Una campaña es una compra de resultado acotado. Tiene una fecha de inicio, una fecha de cierre, un objetivo comercial identificable y un presupuesto que se agota. Se contrata, se ejecuta, se mide y se archiva. Su éxito se juzga contra el objetivo que la justificó.
Un canal es una compra de capacidad. Implica una estructura que produce, publica, escucha y ajusta de forma continua, tenga o no la compañía un lanzamiento entre manos. Su valor no se mide en un trimestre porque su producto no es una conversión concreta, sino la reducción progresiva del coste de conseguir atención cada vez que la empresa la necesita.

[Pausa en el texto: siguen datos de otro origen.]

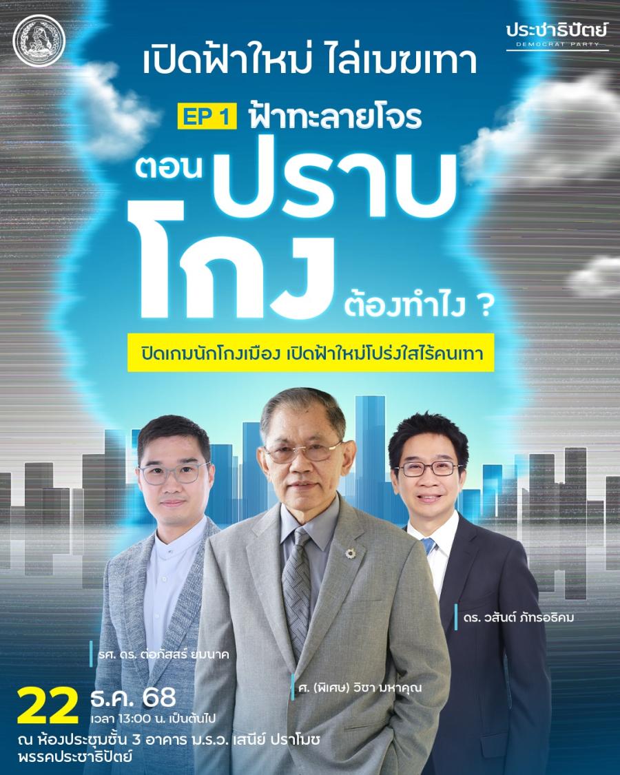 ประชาธิปัตย์เปิดเวที “เปิดฟ้าใหม่ ไล่เมฆเทา EP.1” ชวนถอดบทเรียนคอร์รัปชัน ถามตรง “ปราบโกง ต้องทำไง ?”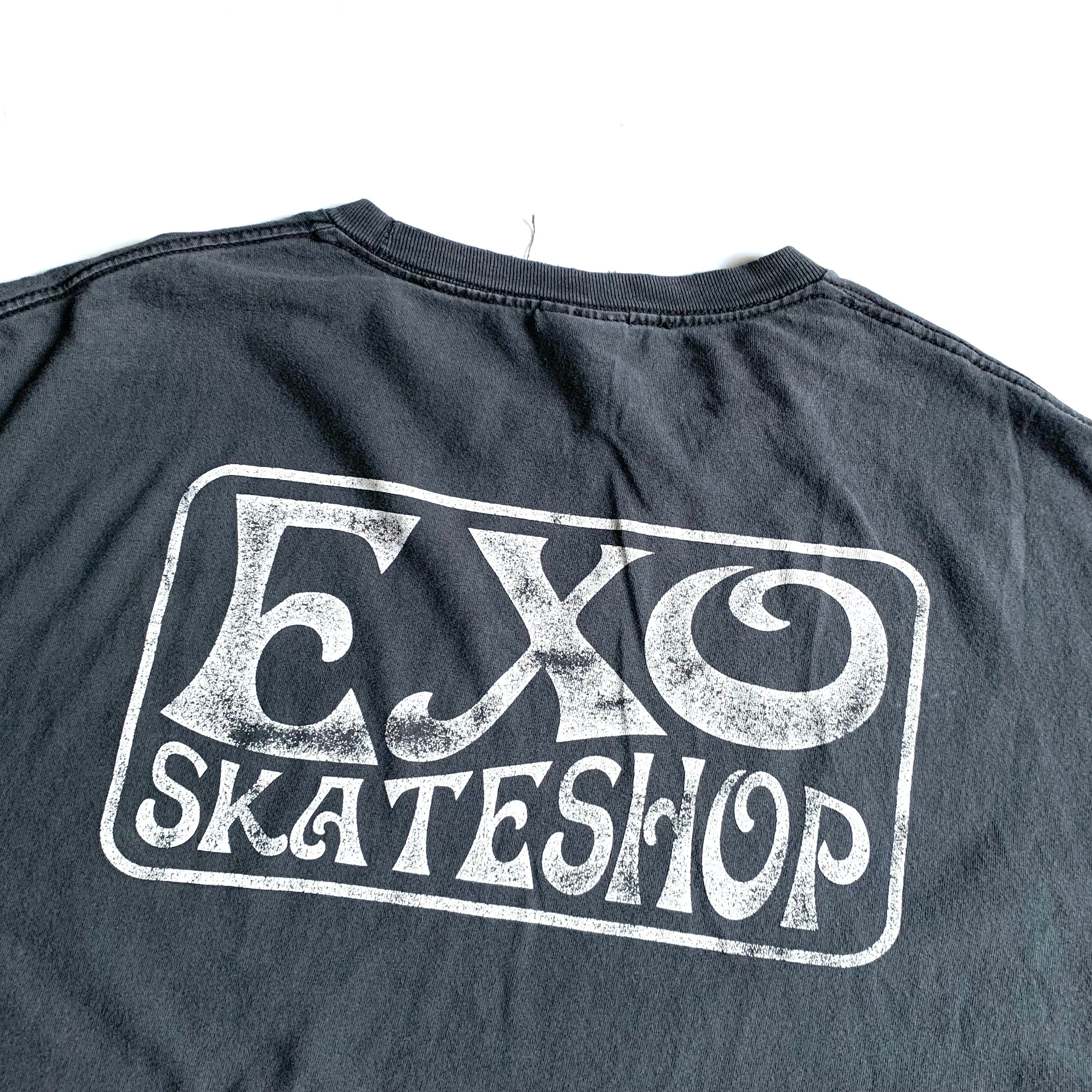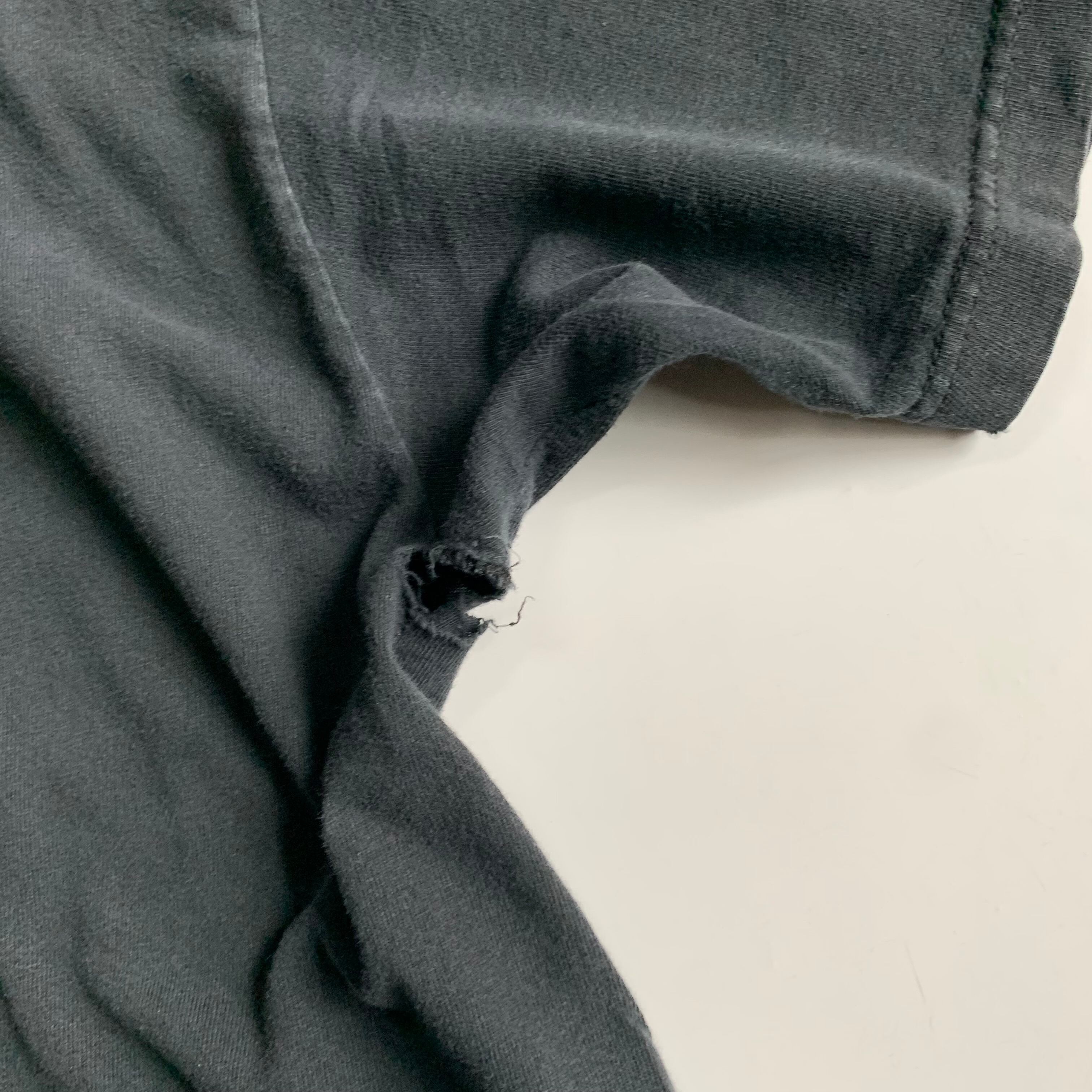 カナダにあるスケートショップのオリジナル プリントの割れやフェード感諸所いい雰囲気◎ •SIZE 肩幅 65cm 袖丈 23cm 身幅 64cm 着丈 77cm •MATERIAL COTTON 100% •COLOR ブラック •CONDITION 全体的にフェード、所々に破れあり。 kt328

Por qué la confusión sale cara
Cuando una dirección financia una campaña y evaluúa un canal, se producen cuatro efectos que se refuerzan entre sí.
El primero es la infradotación del equipo. Una campaña puede sostenerse con una persona coordinando y un proveedor produciendo. Un canal necesita a alguien que responda de él todos los días, y esa figura no aparece en el presupuesto de campaña porque no es un coste de producción, es un coste de estructura.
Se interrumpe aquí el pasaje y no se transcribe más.